Begin at the line below that has "его к луку.". Stop after the line that has "③ デバイス選択ボックスで [PC] (PC-PT) をクリックして選択します。", repeating each line exactly and leaving out the pictures.

→ **Recorded information**:
-- -- --

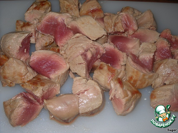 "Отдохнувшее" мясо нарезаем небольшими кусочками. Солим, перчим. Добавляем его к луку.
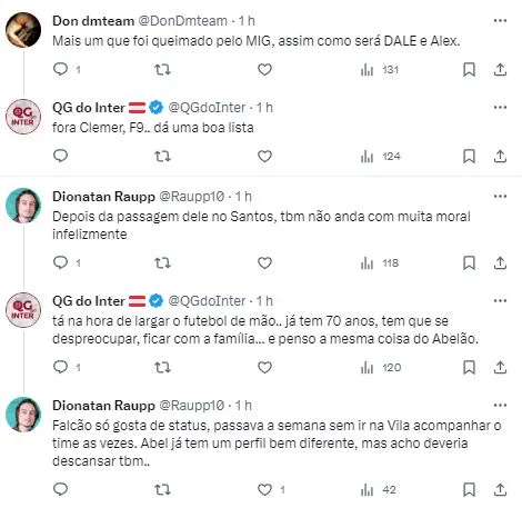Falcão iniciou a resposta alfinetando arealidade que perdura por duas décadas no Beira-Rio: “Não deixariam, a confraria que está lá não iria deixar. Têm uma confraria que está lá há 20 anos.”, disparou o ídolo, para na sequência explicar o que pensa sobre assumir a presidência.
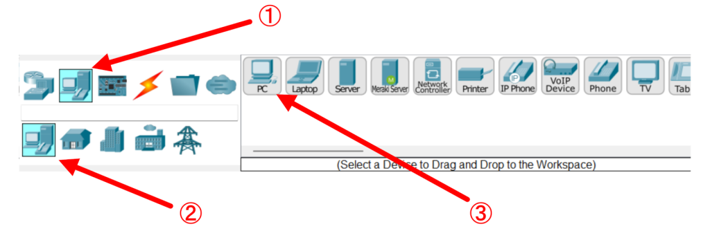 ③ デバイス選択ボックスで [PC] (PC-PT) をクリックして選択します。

-- -- --

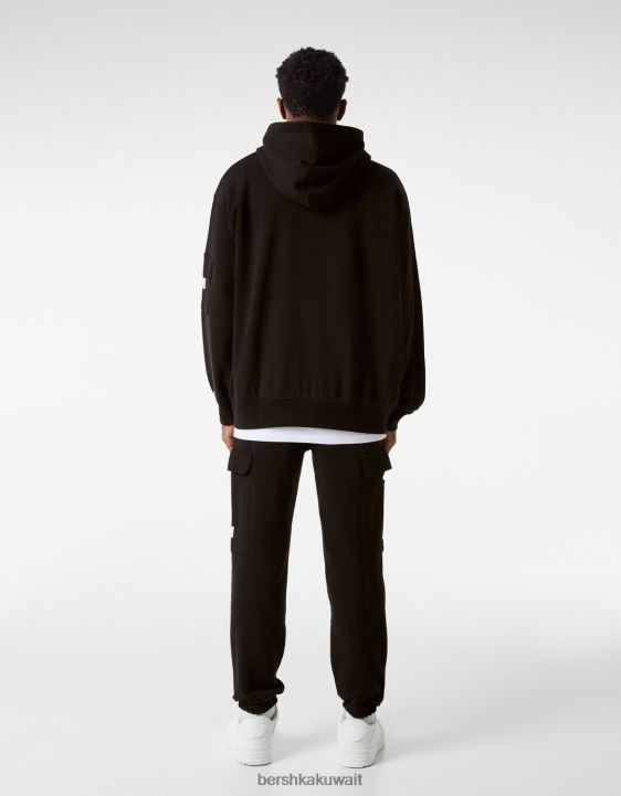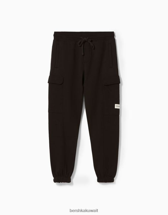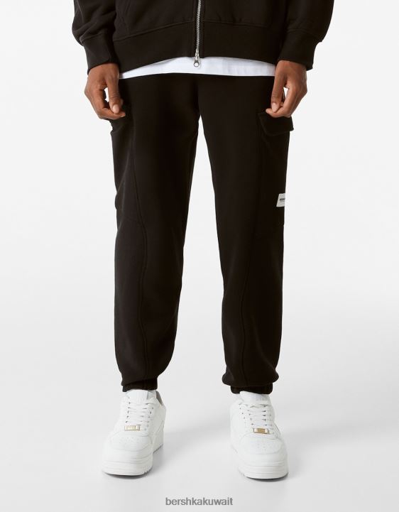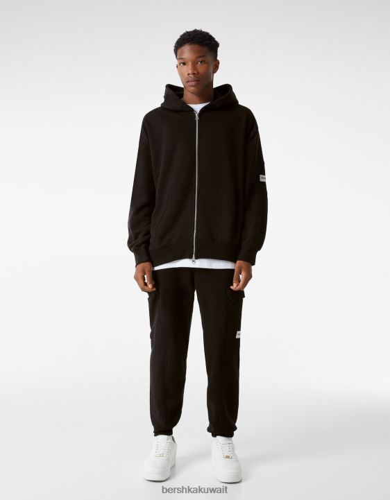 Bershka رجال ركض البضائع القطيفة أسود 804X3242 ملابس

-- -- --

→ **Your response**:
 "Отдохнувшее" мясо нарезаем небольшими кусочками. Солим, перчим. Добавляем его к луку.
Falcão iniciou a resposta alfinetando arealidade que perdura por duas décadas no Beira-Rio: “Não deixariam, a confraria que está lá não iria deixar. Têm uma confraria que está lá há 20 anos.”, disparou o ídolo, para na sequência explicar o que pensa sobre assumir a presidência.
 ③ デバイス選択ボックスで [PC] (PC-PT) をクリックして選択します。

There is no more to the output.